I have a customer who would like their fans on a variable speed fan control. He has 30 of these drawing 3.3amps (4 per circuit) at 240VAC. I'm sure they are a capacitor start type. If I am right these cannot be adjusted with a speed control. What do I need to know. I have little experience with FHP motors.

Thanks


----------



## micromind (Aug 11, 2007)

One effective clue is the nameplate RPM. On a split-phase or capacitor-start motor with a 48 or 56 frame, the RPM will almost always be 1140, 1725, or 3450. This isn't necessarily what the motor runs at, just a NEMA standard for small motors. These motors cannot be speed-controlled. 

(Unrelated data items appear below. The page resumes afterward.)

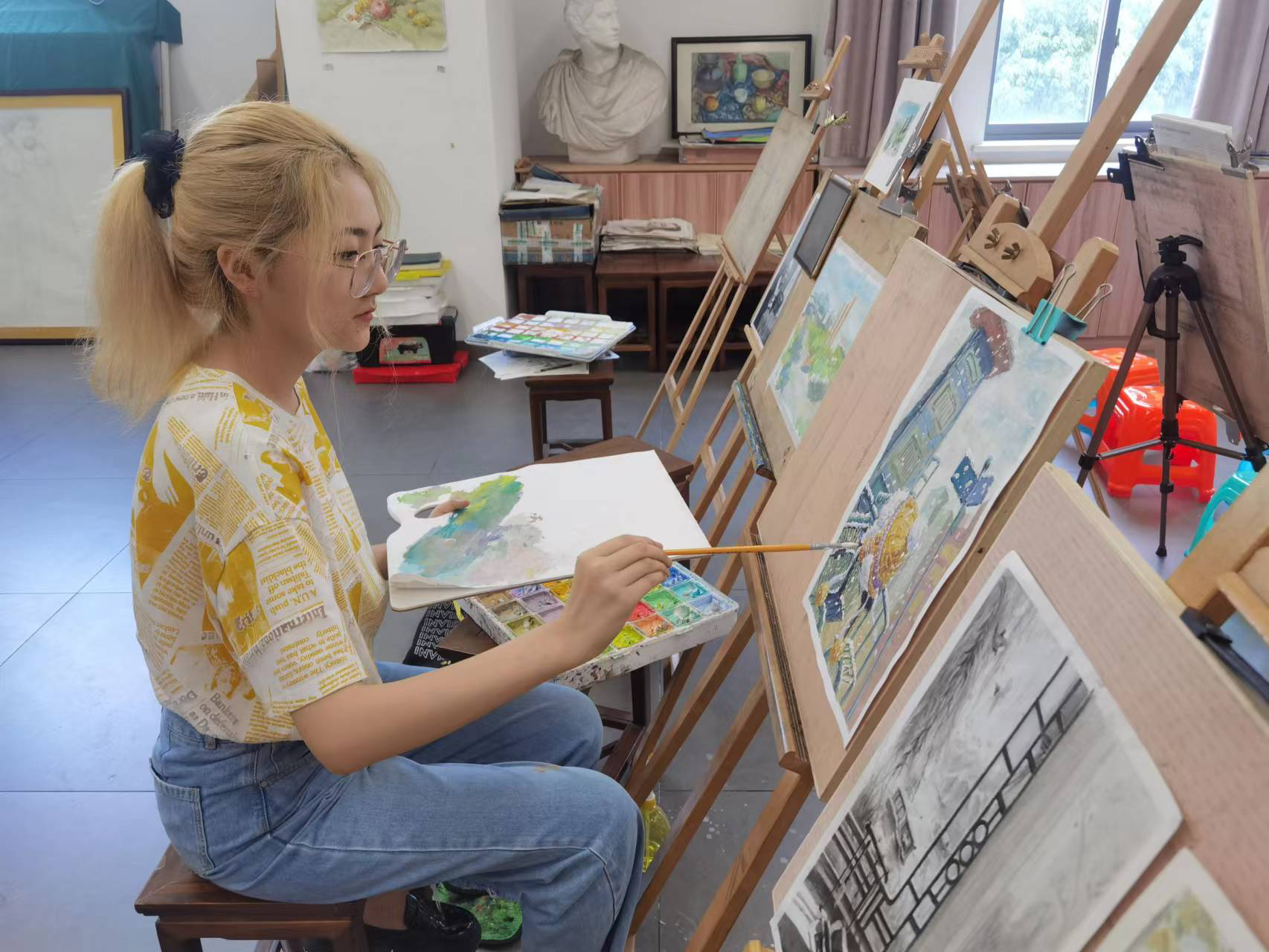 黄欣怡说:“高三专业集训期间,我们每天早晨7点半上课,晚上12点下课,期间不停地画画,就连过年都是在画室里度过的,只放了两天假。”回想起那些为梦想拼搏的日子,黄欣怡的心里感慨万千。
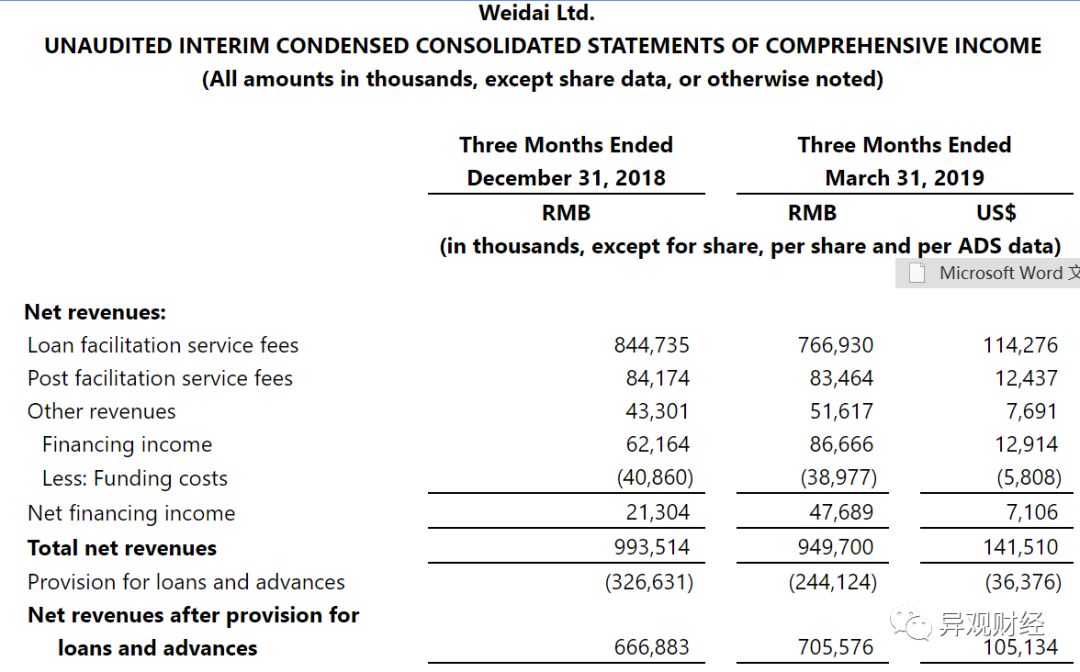 財報顯示,第一季度,微貸網貸款便利服務費和貸后服務費均出現不同程度下滑。
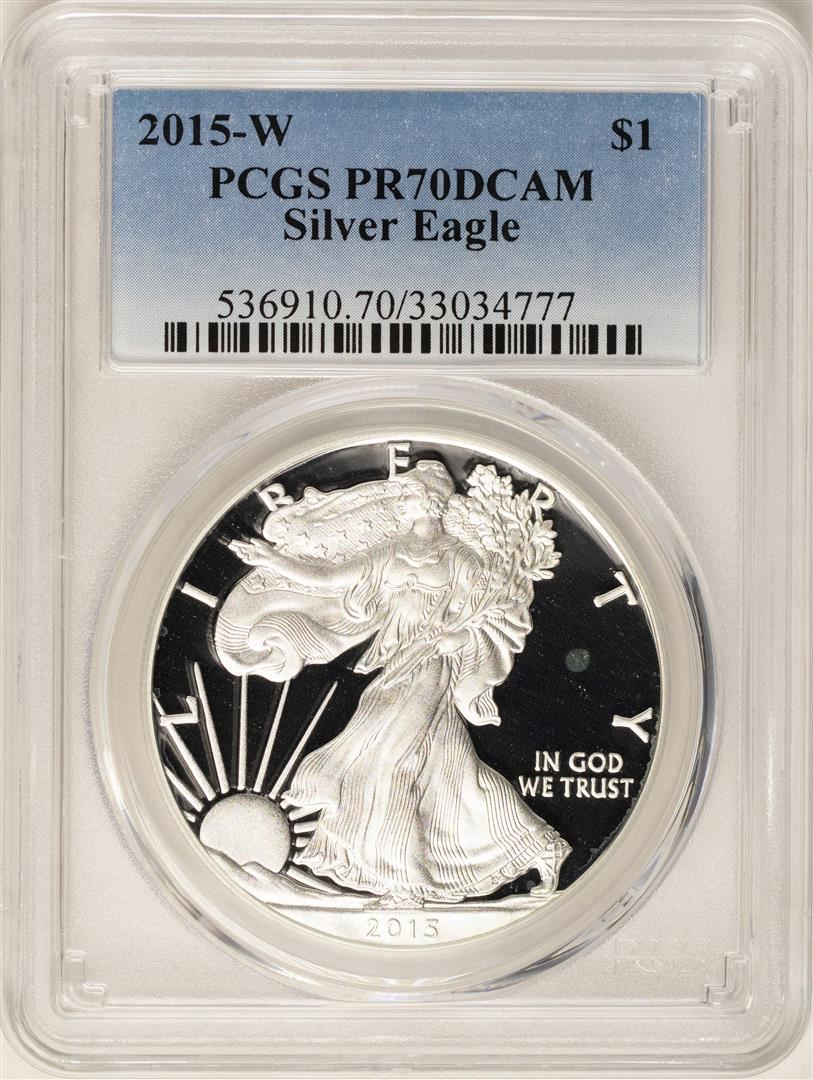 One 2015-W $1 Proof American Silver Eagle Coin PCGS PR70DCAM. PCGS Graded.
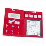 Bloc compact 19 × 28 cm avec compartiment intégré pour le stylo. Amusement en voiture, au restaurant ou en vacances.
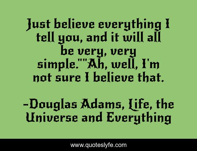 This page presents the quote "Just believe everything I tell you, and it will all be very, very simple.""Ah, well, I'm not sure I believe that.". Author of this quote is Douglas Adams, Life, the Universe and Everything. This quote is about funny, comedy,.
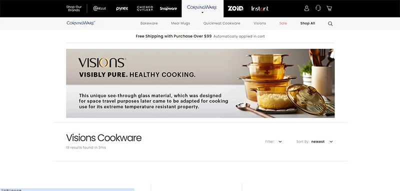Visions, a brand under CorningWare, offers glass cookware that stands out with its distinct amber or cranberry color. It’s specifically designed to withstand high temperatures making it safe for use on the stovetop, oven, or microwave.

If the nameplate states something like 1075, or 1625, then it's most likely a PSC (Permanent Split Capacitor) motor. A lot of these have more than one winding, with more than two leads brought out, and are two, three, or even four speed. These can also be speed controlled with an appropriate controller. 

Split-phase and capacitor-start motors have start switches in them. You can usually hear the click when it speeds up and slows down. 

Rob


----------



## John Valdes (May 17, 2007)

If they are not three phase or multi-speed single phase motors your customer is out of luck.


----------